The earliest pillars are the biggest and most sophisticated in construction and artistry. The later pillars are smaller, less intricate in design and mounted with less precision.

Nate Ramsayer has made a case for the view that the stone pillars might represent individual people. As he states, "This interpretation fits well with the emerging concept of social stratification that can be seen in Anatolia during the PPN at sites like Çayönü and Neval Çori."

If the T-shaped pillars represent humans, they were probably rulers, high ranked priests, or the heads of clans. It may be that clan leaders intended to have stone pillars with the clan's animal totem as a display of wealth or power. Or it may be that the 16-ton limestone pillars represent deified rulers who were venerated as ancestors. Each pillar served as the ruler's presence by which he also represented his clan, before the deity.

The T shape appears to be a very ancient symbol that represented a complex of ideas including heaven, the High God, mankind, and blood. These come together in the Tyet symbol of the Old Kingdom (show above). It consists of a solar orb above a human form (Hathor) and appears to be a variation of the ankh.

Mystery surrounds how the huge pillars were transported from the quarry. Were hundreds of beasts of burden used? If so, why do these animals not appear on the carvings? The animals carved on the pillars include bulls, cranes, ostriches, vultures, lions, serpents and crocodiles, all animals sacred to Abraham's Nilo-Saharan ancestors.

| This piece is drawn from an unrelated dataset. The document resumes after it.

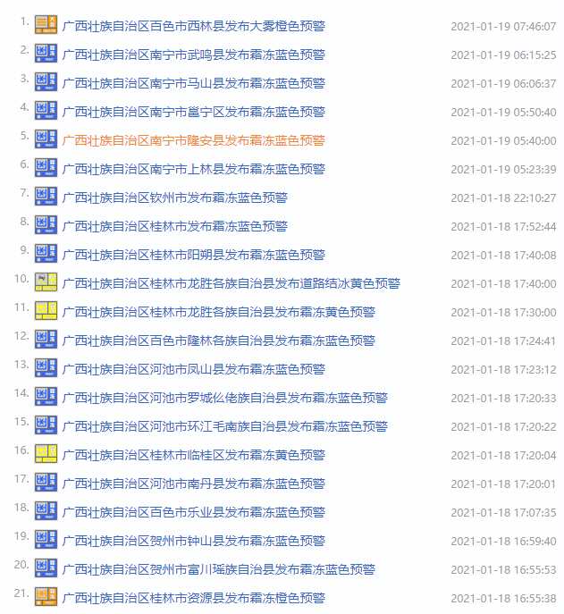 1月19日的霜凍地區(qū)預(yù)警如下:南寧武鳴區(qū)氣象局19日6時15分發(fā)布霜凍藍色預(yù)警信號:24小時內(nèi)武鳴區(qū)最低氣溫將低于4度且可能出現(xiàn)霜凍,將對農(nóng)業(yè)產(chǎn)生影響,請防范。

Another mystery surrounds the twin pillars at the center of the shrine. They are superior in quality to the perimeter stones. Tatiana V. Kornienko (Cult Buildings of Northern Mesopotamia) sees the placement of pairs of stones as an important aspect of early cosmology:

The worship of pairs of central objects in ancient sanctuaries or temples is a characteristic feature of a number of early Near Eastern cultures. Such symbolism represents the binary basis and dualism of people’s mythological perception of natural phenomena.

(Note that Kornienko fails to make a distinction between the binary and dualistic worldviews, a distinction that needs to be clarified to correctly trace origins and antecedents.)

Related reading: The Hittites of AnatoliaThe Ostrich in Biblical Symbolism; Megalithic Totemism of the Individual: A new Analysis of Gobekli Tepe's Monumental Pillars; Ethics and Religious Practices of the Afro-Asiatics; The Trapezoid on Ancient Architecture and Technology


  1. I believe the outer ring represents the wheel of time. And all forces within which form a cross in the centre, earth, air,fire and water, as above so below, they become the forces connected, then they look inwards on their spiritual path, that’s how they discover their totem animals, higher up priests/shamans would have more. Their way of discovering these was to enter the other world where time stops and reverses. So I believe. The bridge between two worlds. Is what they believed. But I could be wrong.

  2. You are assuming that the religion practiced there was shamanic. That has not been determined. The worldview and religious practices of priests and shamans are distinct.